Some time ago, thanks to the Ontario Randonneurs on line forum, I became aware of a pro-level bike mechanic course offered in Guelph, Ontario. When I found myself with enough time available to attend the two-week course I signed up. The program is administered by the Conestoga College offering college credits for successful completion. The Winterborne Bicycling Institute provided the facility, and the instructors. There were eleven full day sessions in the classroom/shop. I found affordable accommodations at a Travelodge motel about 12 miles away in the town of Cambridge. I would commute to the class by bike to keep my fitness up over the two weeks.
|City limits of Guelph, Ontario (pronounced "Gwolf")|
When the class began on Monday morning I was welcomed by Jay Filer, owner of Winterborne Bicycle Institute (WBI) and lead instructor for the course. I was shown a convenient indoor parking spot for my bike and almost immediately was immersed in the world of bicycle repair along with nine other eager students. Jay and a second instructor Alberto De Ciccio, who also arrived by bike, seemed to know all there is to know about the mechanical workings of bicycles. Jay's background as a custom bike builder was key, as he was able to help us understand why things were done a certain way. Alberto, a former WBI graduate, had much to share with us from having worked in many shops. He was able to demonstrate safe, efficient techniques to perform specific functions of assembling and repair. About half of our time was spent with books. Also, watching Jay and Alberto demonstrate procedures. The other half was spent actually performing procedures on bikes that were provided by the class. At the end of the day we would leave with approximately two to three hours of assigned home work.
|Instructors Jay (right) and Alberto (left) demonstrate wheel building|
I fell into the routine that was to be my life for weeks. I would get up early, ride my bike 12 miles to the Starbucks for breakfast. Then ride two miles to the class. I would ride back to the Starbucks at lunch time to get coffee. At the end of the day I would ride the 12 miles back to the hotel. I typically would eat dinner in my hotel room while doing the daily home work assignments.

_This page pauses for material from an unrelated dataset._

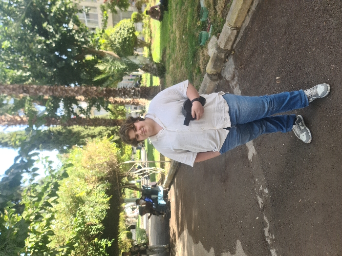 This image depicts an outdoor scene in Rukn ad-Din Municipality, Syria, under clear daylight conditions. A single individual, appearing young with light brown, wavy hair, stands centrally in the foreground. They wear a light-colored, short-sleeved button-up shirt, blue jeans, and grey and white athletic shoes. Their right hand holds a black fanny pack across the torso, while their left hand is placed in a jeans pocket. The individual stands on a dark paved surface exhibiting minor discoloration and moisture patches, bordered by a concrete curb on the right. The background features a park-like environment with extensive green foliage, numerous trees including tall palm-like structures, and grassy areas. Several additional individuals are present in the midground and background: two are partially visible on the left, one seated, and another figure is seated on the grass on the far right. A building with visible windows is present in the distant background.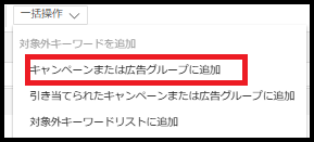 上の「一括操作」から、「キャンペーンまたは広告グループに追加」を選択し、追加するキャンペーン・広告グループを選択して保存すれば、完了です。

The first week consisted of six full days of class leaving us with the Sunday off. Alberto asked me if I wanted to join him on a road ride starting at his hotel in Guelph. I agreed to meet him riding over on Sunday morning. We went on a brisk 40 mile ride through the countryside. I learned Alberto had spent 14 years as a bike courier in Toronto. He had incredible bike handling skills. I watched him balance his Cervello at a traffic light by clipping out one foot, turning the front wheel to the side, then keeping the bike stationary with his foot on the front tire. After returning to Guelph I rode back to my hotel for a total of 62 miles. I spent the rest of the day doing laundry, food shopping and homework. The microwave and mini-fridge in my hotel room were getting used extensively as I was preparing most of my meals there.
|Scene along the bike route to class|
|Another farm. Note the Canadian flag|
|This private pond was one of my favorite views|
|Entering the industrial area where Winterborne Bicycle Institute is located|
Beginning the second week I started to feel tired. The daily commute, the intense day of learning and the never ending home work were wearing me down. I was not fully confident I could absorb enough of the material to pass the final written exam and the bike assembly evaluation. A failing grade would result in no credit for the course and no certificate. Of course, I would still come away with any knowledge and skill I was capable of retaining. I made peace with that concept taking the pressure off myself. I wanted to enjoy the experience and not be stressed out for the remainder of the course. Despite being tired I stuck with the daily bike commute. It was so enjoyable to ride there I looked forward to it each day. I worked on my home work assignments to the best of my ability, sometimes lugging three volumes of text books back and forth in a back pack. I also made an effort to retain as much as I could from the classroom sessions.
|A relaxing break is taken as Jay demonstrates his technique with the "Spud Launcher". The gophers in the adjacent field quake with fear at the sound of those potatoes flying overhead.|
As usual, I arrived by bike on the final day, which would consist of a three hour written exam and a three hour bike assembly. The written exam was the first business of the day. It was an open book test, so we could use the five classroom text books provided to us. There were 103 questions in total. A score of 70% would be needed to pass. I took the entire three hours to complete mine. After the lunch break we would begin the evaluated bike assembly. We were given brand new bikes in boxes and would completely assemble them taking care that all the components were correctly set up and all fasteners were torqued to specifications. It would take three hours to complete the project. Jay and Alberto carefully inspected the project bikes grading the students on the quality of the work. We took a break while waiting for our final grades. When the calculations were complete I learned I had passed the course. While I could have lived with myself if I had failed passing was far better. Despite being hard the two weeks were enjoyable. The nine other participants were all fellow bike enthusiasts some were already employed as bike mechanics. The time spent with this group and the instructors was pleasant and memorable.
|The graduating class and instructors at the end of the two week program. The vintage cruiser was the property of WBI, not my daily commuter.|
I would recommend this program to anyone looking to improve their knowledge of the mechanical workings of the bicycle. Enrollment is through Conestoga College the course number is: MECH 1234.